◆ The problem: What you should give back is a precise copy of the lines below from the one containing "Деньга 1819 ЕМ" through the one containing "如下图所示,当前股市估值处于", with no pictures.

BEGIN Exercise inputs

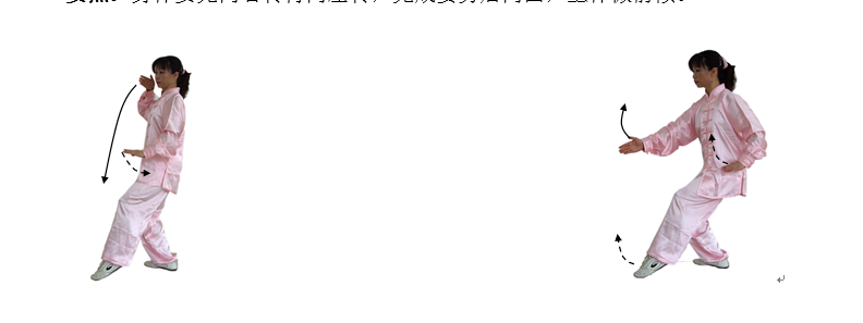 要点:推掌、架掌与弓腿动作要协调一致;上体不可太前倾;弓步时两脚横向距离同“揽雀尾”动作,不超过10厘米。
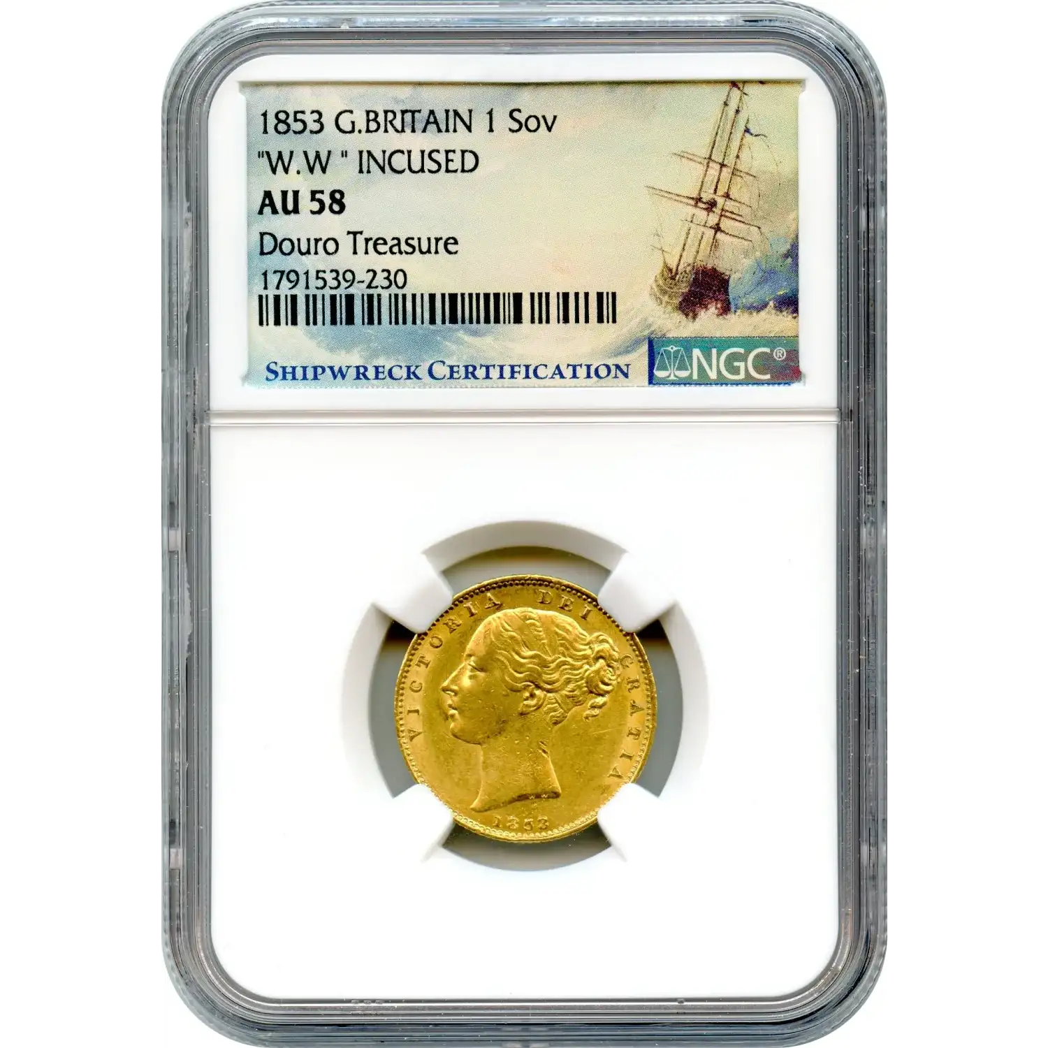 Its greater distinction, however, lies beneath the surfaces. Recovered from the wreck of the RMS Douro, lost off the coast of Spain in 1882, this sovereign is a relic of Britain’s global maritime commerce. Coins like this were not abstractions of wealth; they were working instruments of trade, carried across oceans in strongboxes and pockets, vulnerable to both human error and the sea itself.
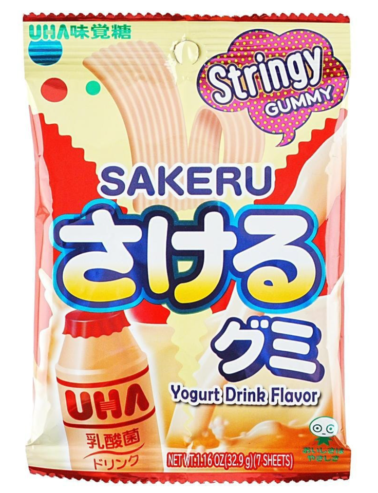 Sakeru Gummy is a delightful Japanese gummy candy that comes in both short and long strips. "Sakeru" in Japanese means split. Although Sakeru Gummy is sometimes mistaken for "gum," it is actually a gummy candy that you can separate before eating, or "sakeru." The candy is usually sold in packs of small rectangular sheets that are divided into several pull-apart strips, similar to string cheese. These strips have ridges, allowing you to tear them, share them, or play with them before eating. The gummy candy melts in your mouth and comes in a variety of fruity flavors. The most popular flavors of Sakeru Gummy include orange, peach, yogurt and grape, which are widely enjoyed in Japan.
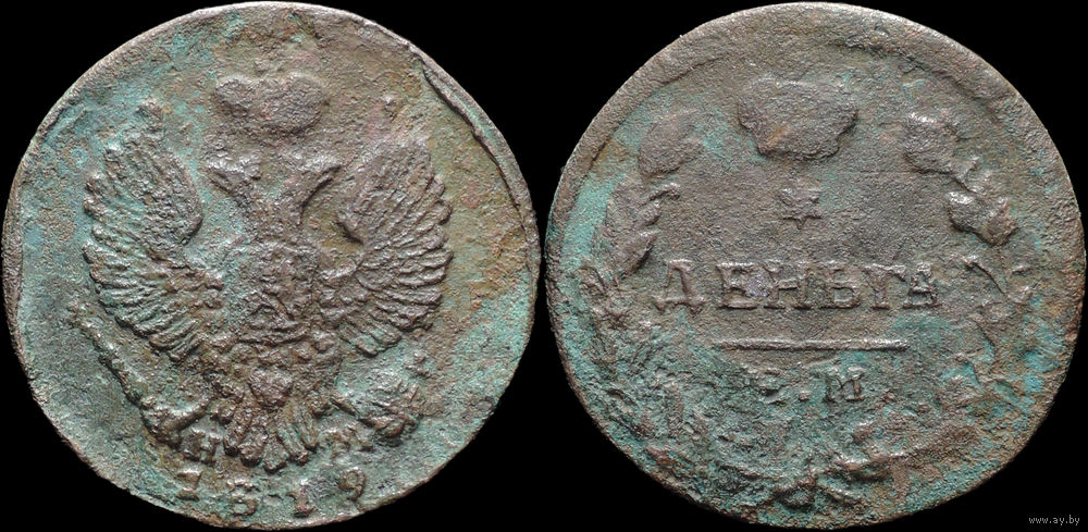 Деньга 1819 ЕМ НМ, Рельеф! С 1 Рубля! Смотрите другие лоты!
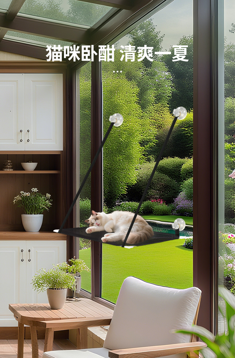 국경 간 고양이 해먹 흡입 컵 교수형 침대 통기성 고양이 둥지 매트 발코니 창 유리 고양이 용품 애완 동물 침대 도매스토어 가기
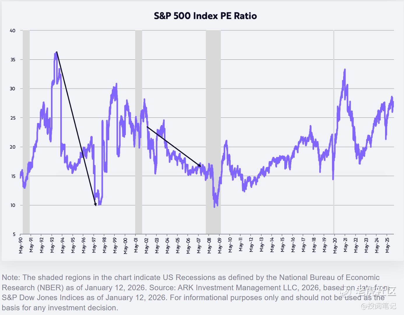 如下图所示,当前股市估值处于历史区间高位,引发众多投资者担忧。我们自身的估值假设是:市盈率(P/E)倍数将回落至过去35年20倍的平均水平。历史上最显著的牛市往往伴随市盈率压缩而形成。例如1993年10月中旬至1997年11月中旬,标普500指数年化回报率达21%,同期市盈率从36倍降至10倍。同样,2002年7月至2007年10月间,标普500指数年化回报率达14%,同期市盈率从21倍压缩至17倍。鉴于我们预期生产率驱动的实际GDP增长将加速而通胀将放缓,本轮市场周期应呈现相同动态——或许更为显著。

END Exercise inputs
BEGIN Exercise inputs

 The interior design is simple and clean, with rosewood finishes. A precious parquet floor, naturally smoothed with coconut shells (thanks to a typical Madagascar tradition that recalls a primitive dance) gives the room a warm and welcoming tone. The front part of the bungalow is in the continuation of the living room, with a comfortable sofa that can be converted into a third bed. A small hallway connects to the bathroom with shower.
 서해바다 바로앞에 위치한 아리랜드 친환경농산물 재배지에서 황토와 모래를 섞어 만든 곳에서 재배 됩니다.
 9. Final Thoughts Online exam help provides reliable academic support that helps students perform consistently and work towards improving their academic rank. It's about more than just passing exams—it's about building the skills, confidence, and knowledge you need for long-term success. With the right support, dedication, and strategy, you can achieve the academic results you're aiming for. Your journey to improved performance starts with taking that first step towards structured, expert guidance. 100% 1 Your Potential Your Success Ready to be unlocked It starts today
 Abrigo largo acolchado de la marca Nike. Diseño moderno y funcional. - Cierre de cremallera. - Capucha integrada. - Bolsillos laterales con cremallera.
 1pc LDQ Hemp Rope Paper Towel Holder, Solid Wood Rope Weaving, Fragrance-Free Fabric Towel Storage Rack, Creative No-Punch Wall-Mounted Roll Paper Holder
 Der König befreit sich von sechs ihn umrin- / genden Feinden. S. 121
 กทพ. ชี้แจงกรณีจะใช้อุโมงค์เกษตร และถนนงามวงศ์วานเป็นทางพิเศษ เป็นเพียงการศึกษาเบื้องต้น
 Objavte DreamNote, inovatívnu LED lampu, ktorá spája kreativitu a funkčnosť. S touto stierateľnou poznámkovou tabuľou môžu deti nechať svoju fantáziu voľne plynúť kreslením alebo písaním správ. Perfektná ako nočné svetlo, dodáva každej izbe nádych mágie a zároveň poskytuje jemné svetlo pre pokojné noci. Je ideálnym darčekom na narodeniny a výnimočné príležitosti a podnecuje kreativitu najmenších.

END Exercise inputs

◆ Written answer:
 Деньга 1819 ЕМ НМ, Рельеф! С 1 Рубля! Смотрите другие лоты!
 국경 간 고양이 해먹 흡입 컵 교수형 침대 통기성 고양이 둥지 매트 발코니 창 유리 고양이 용품 애완 동물 침대 도매스토어 가기
 如下图所示,当前股市估值处于历史区间高位,引发众多投资者担忧。我们自身的估值假设是:市盈率(P/E)倍数将回落至过去35年20倍的平均水平。历史上最显著的牛市往往伴随市盈率压缩而形成。例如1993年10月中旬至1997年11月中旬,标普500指数年化回报率达21%,同期市盈率从36倍降至10倍。同样,2002年7月至2007年10月间,标普500指数年化回报率达14%,同期市盈率从21倍压缩至17倍。鉴于我们预期生产率驱动的实际GDP增长将加速而通胀将放缓,本轮市场周期应呈现相同动态——或许更为显著。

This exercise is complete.